◆ TO DO: Restate word for word the lines below from the one that has "Home Master� With" through the one that has "Beautiful white metal", keeping both and dropping all pictures.

───── LISTED ENTRIES

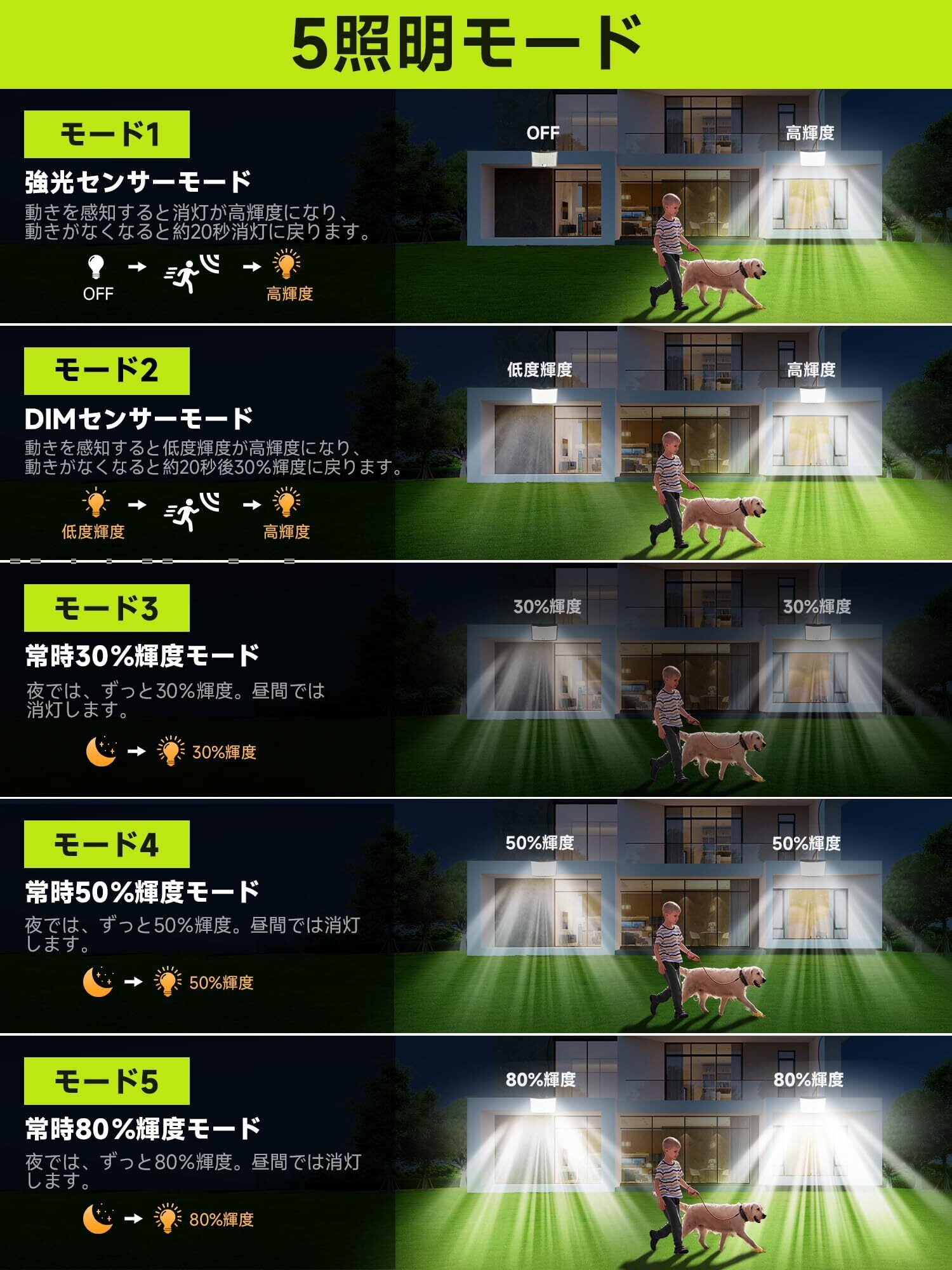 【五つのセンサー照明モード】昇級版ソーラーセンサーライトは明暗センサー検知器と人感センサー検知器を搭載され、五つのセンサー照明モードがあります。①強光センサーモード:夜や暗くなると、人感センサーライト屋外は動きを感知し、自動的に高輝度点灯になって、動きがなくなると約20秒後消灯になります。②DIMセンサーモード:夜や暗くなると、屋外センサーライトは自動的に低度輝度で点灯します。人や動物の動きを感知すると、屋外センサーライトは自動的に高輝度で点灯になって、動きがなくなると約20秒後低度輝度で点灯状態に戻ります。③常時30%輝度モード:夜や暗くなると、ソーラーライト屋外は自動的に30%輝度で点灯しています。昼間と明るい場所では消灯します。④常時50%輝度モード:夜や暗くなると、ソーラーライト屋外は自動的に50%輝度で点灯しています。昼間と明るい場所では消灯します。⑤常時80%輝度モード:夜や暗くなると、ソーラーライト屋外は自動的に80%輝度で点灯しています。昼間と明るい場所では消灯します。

──────────
───── LISTED ENTRIES

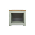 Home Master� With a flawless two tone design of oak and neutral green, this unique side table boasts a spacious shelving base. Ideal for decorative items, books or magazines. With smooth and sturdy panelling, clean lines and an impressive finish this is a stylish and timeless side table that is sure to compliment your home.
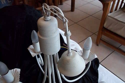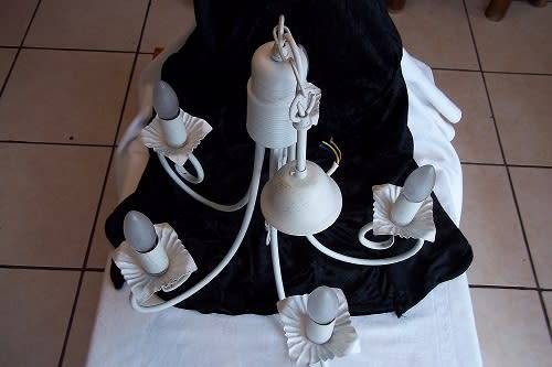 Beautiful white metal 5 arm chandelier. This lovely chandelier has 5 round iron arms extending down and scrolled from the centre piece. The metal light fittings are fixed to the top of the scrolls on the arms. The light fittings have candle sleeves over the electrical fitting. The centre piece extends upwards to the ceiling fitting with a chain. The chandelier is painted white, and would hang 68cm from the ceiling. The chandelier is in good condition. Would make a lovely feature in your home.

──────────

◆ WRITTEN SOLUTION:
 Home Master� With a flawless two tone design of oak and neutral green, this unique side table boasts a spacious shelving base. Ideal for decorative items, books or magazines. With smooth and sturdy panelling, clean lines and an impressive finish this is a stylish and timeless side table that is sure to compliment your home.
 Beautiful white metal 5 arm chandelier. This lovely chandelier has 5 round iron arms extending down and scrolled from the centre piece. The metal light fittings are fixed to the top of the scrolls on the arms. The light fittings have candle sleeves over the electrical fitting. The centre piece extends upwards to the ceiling fitting with a chain. The chandelier is painted white, and would hang 68cm from the ceiling. The chandelier is in good condition. Would make a lovely feature in your home.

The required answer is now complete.